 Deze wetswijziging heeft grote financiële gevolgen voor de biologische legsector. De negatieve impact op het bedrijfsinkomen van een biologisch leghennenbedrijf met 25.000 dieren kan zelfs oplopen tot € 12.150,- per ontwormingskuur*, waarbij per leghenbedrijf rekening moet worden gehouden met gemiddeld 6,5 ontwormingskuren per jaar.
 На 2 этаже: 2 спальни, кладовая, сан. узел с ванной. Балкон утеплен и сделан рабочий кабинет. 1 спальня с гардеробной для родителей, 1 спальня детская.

--

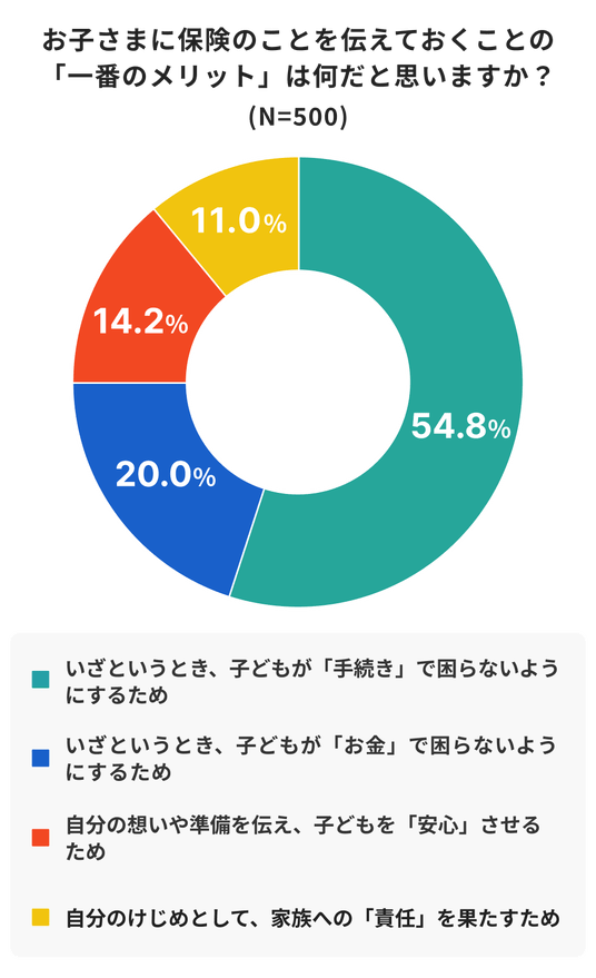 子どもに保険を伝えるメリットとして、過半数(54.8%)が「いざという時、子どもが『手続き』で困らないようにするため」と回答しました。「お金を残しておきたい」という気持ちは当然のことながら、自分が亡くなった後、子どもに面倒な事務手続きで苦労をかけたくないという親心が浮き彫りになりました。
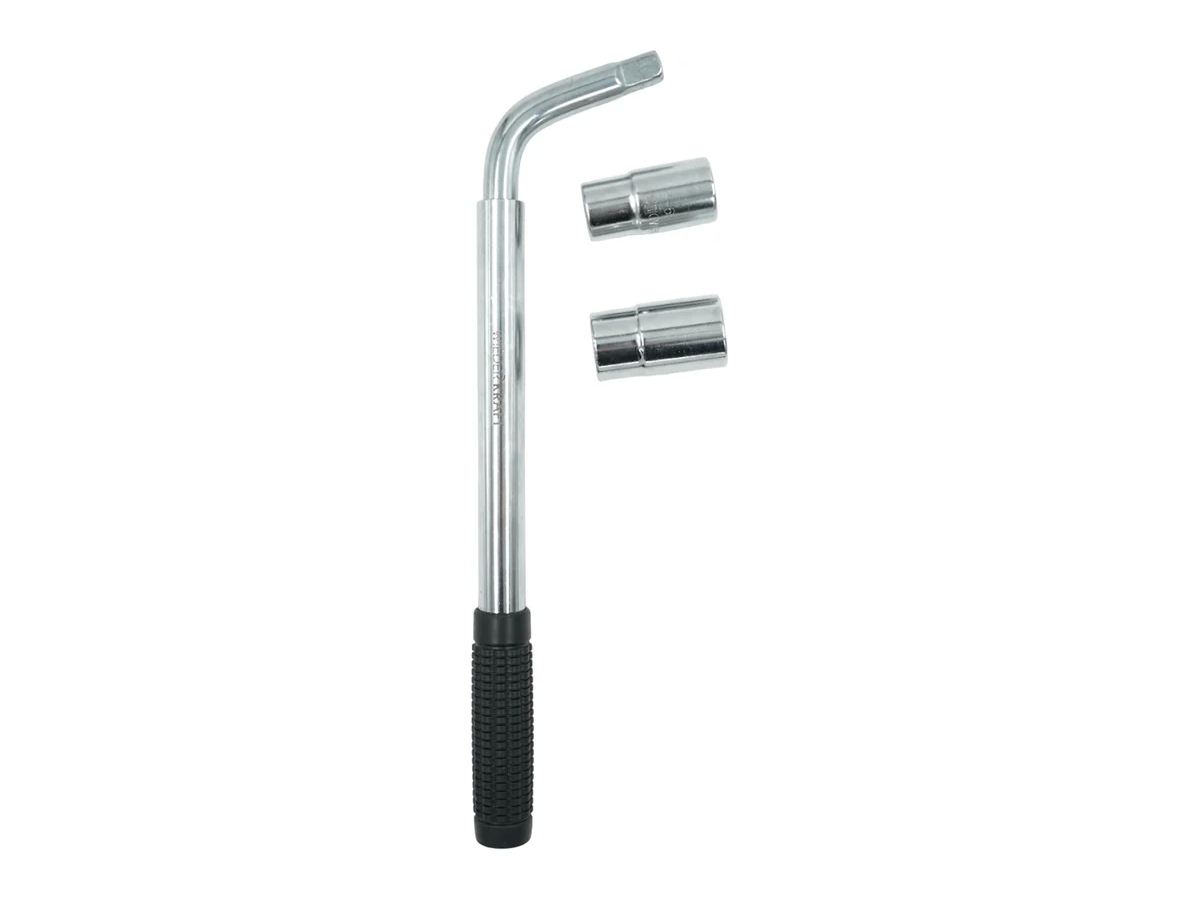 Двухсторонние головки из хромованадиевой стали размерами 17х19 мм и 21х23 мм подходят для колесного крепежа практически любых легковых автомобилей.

---

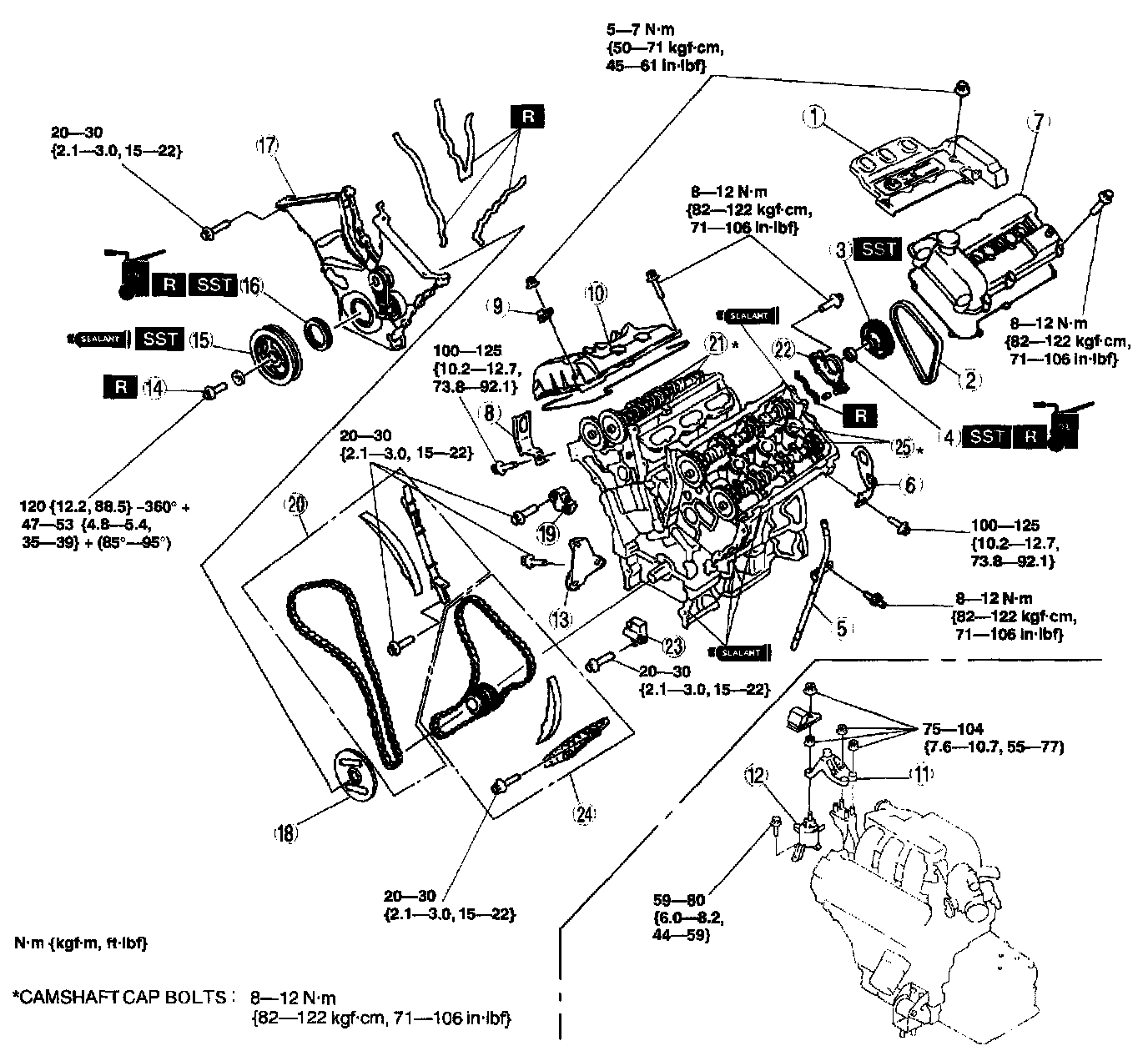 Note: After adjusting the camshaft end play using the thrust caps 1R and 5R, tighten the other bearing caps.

GOAL OF THE EXERCISE – Leave out every line above except those from the line with "Deze wetswijziging heeft" up to and including the line with "На 2 этаже: 2 спальн", and copy those exactly.

EXPECTED ANSWER –
 Deze wetswijziging heeft grote financiële gevolgen voor de biologische legsector. De negatieve impact op het bedrijfsinkomen van een biologisch leghennenbedrijf met 25.000 dieren kan zelfs oplopen tot € 12.150,- per ontwormingskuur*, waarbij per leghenbedrijf rekening moet worden gehouden met gemiddeld 6,5 ontwormingskuren per jaar.
 На 2 этаже: 2 спальни, кладовая, сан. узел с ванной. Балкон утеплен и сделан рабочий кабинет. 1 спальня с гардеробной для родителей, 1 спальня детская.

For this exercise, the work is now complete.